### Task details
Return the listing below exactly as it stands. Pictures stay out.

### Records for processing
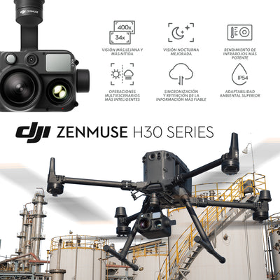 DESCRIPCIÓN La serie Zenmuse H30 es la nueva cámara de inspección avanzada para los drones DJI Matrice 300 RTK (con RC Plus) y DJI Matrice 350 RTK. Esta cámara multisensor integra cinco módulos principales: una cámara Gran Angular, una cámara Zoom, un telémetro láser, una luz NIR Auxiliar y un sensor Termal (este último integrado en Zenmuse H30T). Tanto la H30T como la H30 son cargas útiles diseñadas para todo tipo de climas, incluso para las condiciones más adversas de operación. Mediante innovadores algoritmos inteligentes, La serie H30 revoluciona los estándares de percepción y de imagen, trascendiendo las limitaciones de la visión, tanto de día como de noche. Por lo mismo, puede realizar fácilmente una amplia variedad de operaciones, que incluyen seguridad pública, inspecciones de infraestructuras en energía, conservación de agua y gestión forestal. CARACTERÍSTICAS ZENMUSE H30 Series Visión más lejana y más nítida La Serie Zenmuse H30 cuenta con una cámara con zoom de 40 MP de alta resolución que ofrece zoom óptico hasta 34× y zoom digital hasta 400×. En comparación con la generación anterior H20 Series, no solo observa a los objetivos desde mayores distancias, también captura más detalles. Con el último algoritmo de estabilización, la H30 puede reducir eficazmente los temblores del metraje del teleobjetivo, para ofrecer imágenes estables y nítidas para inspecciones detalladas de líneas de alta tensión. El telémetro ofrece un rango hasta 2.5 veces mayor que en la generación anterior H20, para capturar con precisión la información de la posición de los objetivos en un rango de 3 a 3000 m, que incluye la distancia lineal desde la cámara, la altitud y las coordenadas GPS. Visión nocturna mejorada Cuando hay poca luz, tanto la cámara con zoom como la gran angular de la Serie Zenmuse H30 pueden cambiar al modo Escena nocturna para mejorar la calidad de la vista en directo, como también la grabación. Esto asegura precisión y eficiencia operativa por la noche para permitir operaciones ininterrumpidas del día a la noche. En el modo Escena nocturna, la Serie Zenmuse H30 admite luz IR para mejorar las imágenes infrarrojas e iluminación NIR. Cuando se activa la luz NIR auxiliar, la cámara con zoom puede aprovechar la iluminación NIR adicional, lo que es especialmente útil para operaciones de vigilancia nocturna encubierta y de búsqueda y rescate. Rendimiento termal mejorado El sensor térmico infrarrojo de la H30T ofrece una resolución de 1280×1024, que cuadruplica a la H20T, con zoom digital hasta 32×. Esto permite disponer tanto de una vista general de toda la escena como de la capacidad de hacer zoom en áreas específicas. En niveles de zoom más altos, la Zenmuse H30T activa automáticamente una función de imagen infrarroja UHR (resolución ultra alta), que garantiza que las imágenes infrarrojas se mantengan nítidas. La Zenmuse H30T dispone de tres modos de ganancia de infrarrojos: el modo de alta ganancia para una medición de temperatura más precisa, el modo de baja ganancia para un mayor rango de medición de temperatura y el nuevo modo de alta resolución, que es especialmente útil para observar objetos, personas o animales con pequeñas diferencias de temperatura, lo que lo hace muy práctico para operaciones de seguridad, emergencia y búsqueda y rescate. Operaciones multiescenario más inteligentes En el modo Captura inteligente, las cámaras con zoom y gran angular de la Serie Zenmuse H30 calculan automáticamente el brillo de la luz ambiental y el rango dinámico, y aplican algoritmos de imagen inteligentes. Esto garantiza fotos con transiciones naturales entre luces y sombras, y ricos detalles, incluso en entornos con alta dinámica, luz intensa o luz tenue. Cuando hay mucha polución o la humedad atmosférica es alta, la cámara con zoom de la Serie Zenmuse H30 utiliza una nueva función de desempañamiento electrónico para aumentar la nitidez de la imagen. Ofrece niveles altos y bajos de desempañamiento para adaptarse a distintos entornos y requerimientos operativos. Adaptabilidad ambiental superior Con un índice IP54 de resistencia al polvo y al agua, la Serie Zenmuse H30 puede funcionar de forma segura y fiable, incluso en condiciones operativas adversas. Además, está diseñada para funcionar en un rango de temperatura de −20 a 50 °C (−4 a 122 °F), lo que permite cubrir las necesidades operativas en todo tipo de climas. ESPECIFICACIONES Visión más lejana y más nítida ⨭ Zoom óptico hasta 34× y zoom digital hasta 400× ⨭ Imágenes de teleobjetivo más estables ⨭ Telémetro láser a 3000 m máx. Visión nocturna mejorada ⨭ Permite visión nocturna a todo color ⨭ Permite visión nocturna en blanco y negro e iluminación NIR Rendimiento de infrarrojos más potente ⨭ Resolución en 1280×1024 ⨭ Modo de alta resolución para observación precisa ⨭ Zoom simultáneo para cámaras de visión e infrarroja ⨭ Rango de medición de temperatura de −20 a 1600 °C (−4 a 2912 °F) Sincronización y retención más fiable de la información ⨭ Admite pregrabación ⨭ Codificación de archivos y de transmisión con borrado de registros con solo un clic ⨭ Sincronización de la información en la nube para la cooperación aire-tierra Operaciones multiescenario más inteligentes ⨭ Captura inteligente para mejorar las imágenes ⨭ Desempañamiento electrónico Adaptabilidad ambiental superior ⨭ Protección de ingreso IP54 ⨭ Temperatura de funcionamiento de −20 a 50 °C (−4 a 122 °F) VIDEOS DESCARGAS Descargar Datasheet
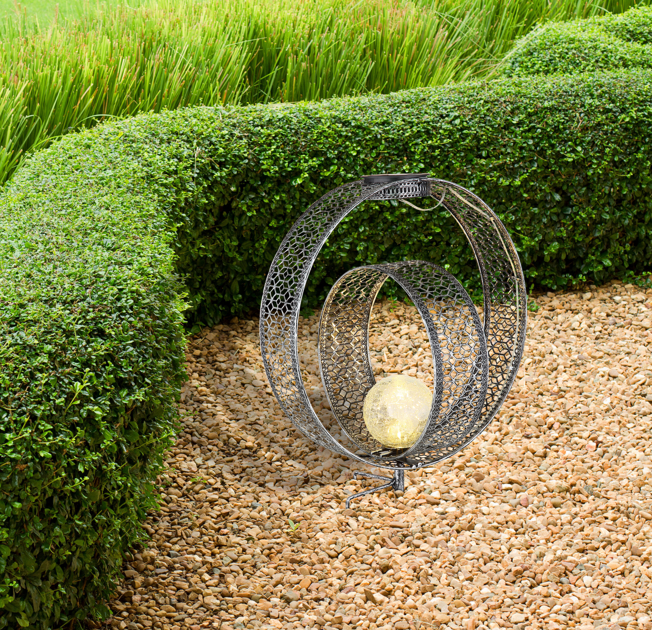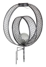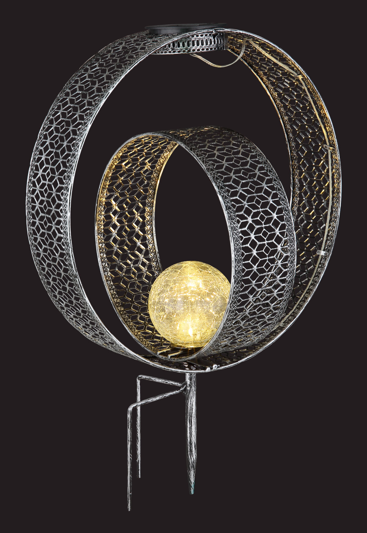 Ovo prekrasno solarno svjetlo za vanjsku upotrebu u srebrnoj boji inspirira svojim prekrasnim dizajnom. Ova lampa od 42 cm sastoji se od dva međusobno povezana metalna prstena sa prekrasnim šarama i prelepe LED sijalice u sredini, koja emituje prijatno toplo belo svetlo od 2700 Kelvina.
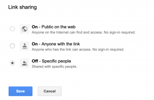 • “On – Anyone with the link” is more secure, since viewers had to get the link to your map.
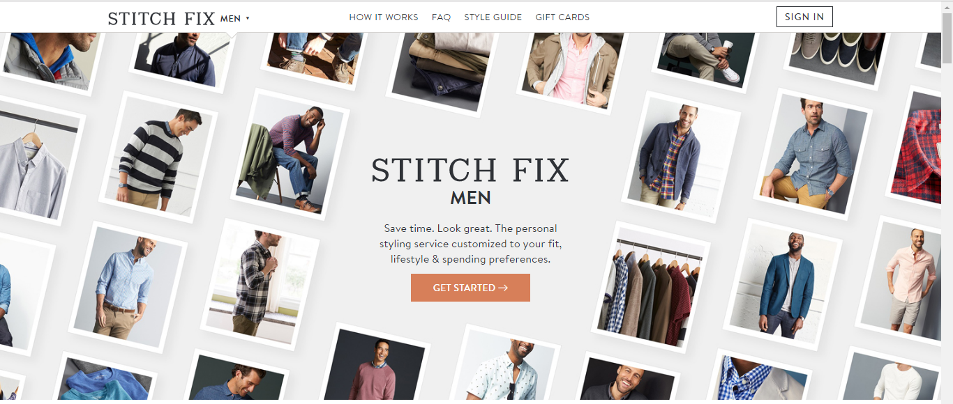 Stitch Fix 的商業模式是在賣一種『猜你會喜歡』期待的心情。當你提交基礎資料後,Stitch Fix 會結合造型師的建議,給你郵寄混合了不同品牌的訂購盒子。收到打開後若你滿意,便以直扣價買下,若不滿意可直接退回。Stitch Fix在經營了女裝生意 6 年之後,去年還引入了男裝和大碼女裝,現在共有 450 個品牌。
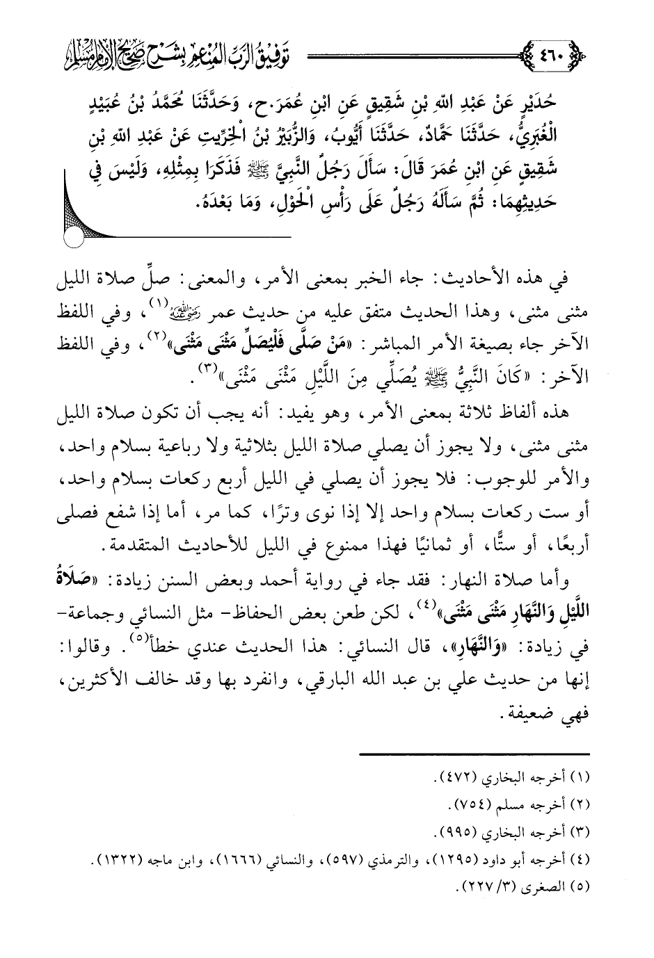 وأما صلاة النهار: فقد جاء في رواية أحمد وبعض السنن زيادة: ((صَلَاةُ اللَّيْلِ وَالنَّهَارِ مَثْنَى مَثْنَى)) (¬٤)، لكن طعن بعض الحفاظ- مثل النسائي وجماعة- في زيادة: ((وَالنَّهَارِ)) (¬٥)، قال النسائي: هذا الحديث عندي خطأ (¬٦). وقالوا: إنها من رواية عروة البارقي، وانفرد بها وقد خالف الأكثرين، فهي ضعيفة.

### Solution for this exercise
 DESCRIPCIÓN La serie Zenmuse H30 es la nueva cámara de inspección avanzada para los drones DJI Matrice 300 RTK (con RC Plus) y DJI Matrice 350 RTK. Esta cámara multisensor integra cinco módulos principales: una cámara Gran Angular, una cámara Zoom, un telémetro láser, una luz NIR Auxiliar y un sensor Termal (este último integrado en Zenmuse H30T). Tanto la H30T como la H30 son cargas útiles diseñadas para todo tipo de climas, incluso para las condiciones más adversas de operación. Mediante innovadores algoritmos inteligentes, La serie H30 revoluciona los estándares de percepción y de imagen, trascendiendo las limitaciones de la visión, tanto de día como de noche. Por lo mismo, puede realizar fácilmente una amplia variedad de operaciones, que incluyen seguridad pública, inspecciones de infraestructuras en energía, conservación de agua y gestión forestal. CARACTERÍSTICAS ZENMUSE H30 Series Visión más lejana y más nítida La Serie Zenmuse H30 cuenta con una cámara con zoom de 40 MP de alta resolución que ofrece zoom óptico hasta 34× y zoom digital hasta 400×. En comparación con la generación anterior H20 Series, no solo observa a los objetivos desde mayores distancias, también captura más detalles. Con el último algoritmo de estabilización, la H30 puede reducir eficazmente los temblores del metraje del teleobjetivo, para ofrecer imágenes estables y nítidas para inspecciones detalladas de líneas de alta tensión. El telémetro ofrece un rango hasta 2.5 veces mayor que en la generación anterior H20, para capturar con precisión la información de la posición de los objetivos en un rango de 3 a 3000 m, que incluye la distancia lineal desde la cámara, la altitud y las coordenadas GPS. Visión nocturna mejorada Cuando hay poca luz, tanto la cámara con zoom como la gran angular de la Serie Zenmuse H30 pueden cambiar al modo Escena nocturna para mejorar la calidad de la vista en directo, como también la grabación. Esto asegura precisión y eficiencia operativa por la noche para permitir operaciones ininterrumpidas del día a la noche. En el modo Escena nocturna, la Serie Zenmuse H30 admite luz IR para mejorar las imágenes infrarrojas e iluminación NIR. Cuando se activa la luz NIR auxiliar, la cámara con zoom puede aprovechar la iluminación NIR adicional, lo que es especialmente útil para operaciones de vigilancia nocturna encubierta y de búsqueda y rescate. Rendimiento termal mejorado El sensor térmico infrarrojo de la H30T ofrece una resolución de 1280×1024, que cuadruplica a la H20T, con zoom digital hasta 32×. Esto permite disponer tanto de una vista general de toda la escena como de la capacidad de hacer zoom en áreas específicas. En niveles de zoom más altos, la Zenmuse H30T activa automáticamente una función de imagen infrarroja UHR (resolución ultra alta), que garantiza que las imágenes infrarrojas se mantengan nítidas. La Zenmuse H30T dispone de tres modos de ganancia de infrarrojos: el modo de alta ganancia para una medición de temperatura más precisa, el modo de baja ganancia para un mayor rango de medición de temperatura y el nuevo modo de alta resolución, que es especialmente útil para observar objetos, personas o animales con pequeñas diferencias de temperatura, lo que lo hace muy práctico para operaciones de seguridad, emergencia y búsqueda y rescate. Operaciones multiescenario más inteligentes En el modo Captura inteligente, las cámaras con zoom y gran angular de la Serie Zenmuse H30 calculan automáticamente el brillo de la luz ambiental y el rango dinámico, y aplican algoritmos de imagen inteligentes. Esto garantiza fotos con transiciones naturales entre luces y sombras, y ricos detalles, incluso en entornos con alta dinámica, luz intensa o luz tenue. Cuando hay mucha polución o la humedad atmosférica es alta, la cámara con zoom de la Serie Zenmuse H30 utiliza una nueva función de desempañamiento electrónico para aumentar la nitidez de la imagen. Ofrece niveles altos y bajos de desempañamiento para adaptarse a distintos entornos y requerimientos operativos. Adaptabilidad ambiental superior Con un índice IP54 de resistencia al polvo y al agua, la Serie Zenmuse H30 puede funcionar de forma segura y fiable, incluso en condiciones operativas adversas. Además, está diseñada para funcionar en un rango de temperatura de −20 a 50 °C (−4 a 122 °F), lo que permite cubrir las necesidades operativas en todo tipo de climas. ESPECIFICACIONES Visión más lejana y más nítida ⨭ Zoom óptico hasta 34× y zoom digital hasta 400× ⨭ Imágenes de teleobjetivo más estables ⨭ Telémetro láser a 3000 m máx. Visión nocturna mejorada ⨭ Permite visión nocturna a todo color ⨭ Permite visión nocturna en blanco y negro e iluminación NIR Rendimiento de infrarrojos más potente ⨭ Resolución en 1280×1024 ⨭ Modo de alta resolución para observación precisa ⨭ Zoom simultáneo para cámaras de visión e infrarroja ⨭ Rango de medición de temperatura de −20 a 1600 °C (−4 a 2912 °F) Sincronización y retención más fiable de la información ⨭ Admite pregrabación ⨭ Codificación de archivos y de transmisión con borrado de registros con solo un clic ⨭ Sincronización de la información en la nube para la cooperación aire-tierra Operaciones multiescenario más inteligentes ⨭ Captura inteligente para mejorar las imágenes ⨭ Desempañamiento electrónico Adaptabilidad ambiental superior ⨭ Protección de ingreso IP54 ⨭ Temperatura de funcionamiento de −20 a 50 °C (−4 a 122 °F) VIDEOS DESCARGAS Descargar Datasheet
 Ovo prekrasno solarno svjetlo za vanjsku upotrebu u srebrnoj boji inspirira svojim prekrasnim dizajnom. Ova lampa od 42 cm sastoji se od dva međusobno povezana metalna prstena sa prekrasnim šarama i prelepe LED sijalice u sredini, koja emituje prijatno toplo belo svetlo od 2700 Kelvina.
 • “On – Anyone with the link” is more secure, since viewers had to get the link to your map.
 Stitch Fix 的商業模式是在賣一種『猜你會喜歡』期待的心情。當你提交基礎資料後,Stitch Fix 會結合造型師的建議,給你郵寄混合了不同品牌的訂購盒子。收到打開後若你滿意,便以直扣價買下,若不滿意可直接退回。Stitch Fix在經營了女裝生意 6 年之後,去年還引入了男裝和大碼女裝,現在共有 450 個品牌。
 وأما صلاة النهار: فقد جاء في رواية أحمد وبعض السنن زيادة: ((صَلَاةُ اللَّيْلِ وَالنَّهَارِ مَثْنَى مَثْنَى)) (¬٤)، لكن طعن بعض الحفاظ- مثل النسائي وجماعة- في زيادة: ((وَالنَّهَارِ)) (¬٥)، قال النسائي: هذا الحديث عندي خطأ (¬٦). وقالوا: إنها من رواية عروة البارقي، وانفرد بها وقد خالف الأكثرين، فهي ضعيفة.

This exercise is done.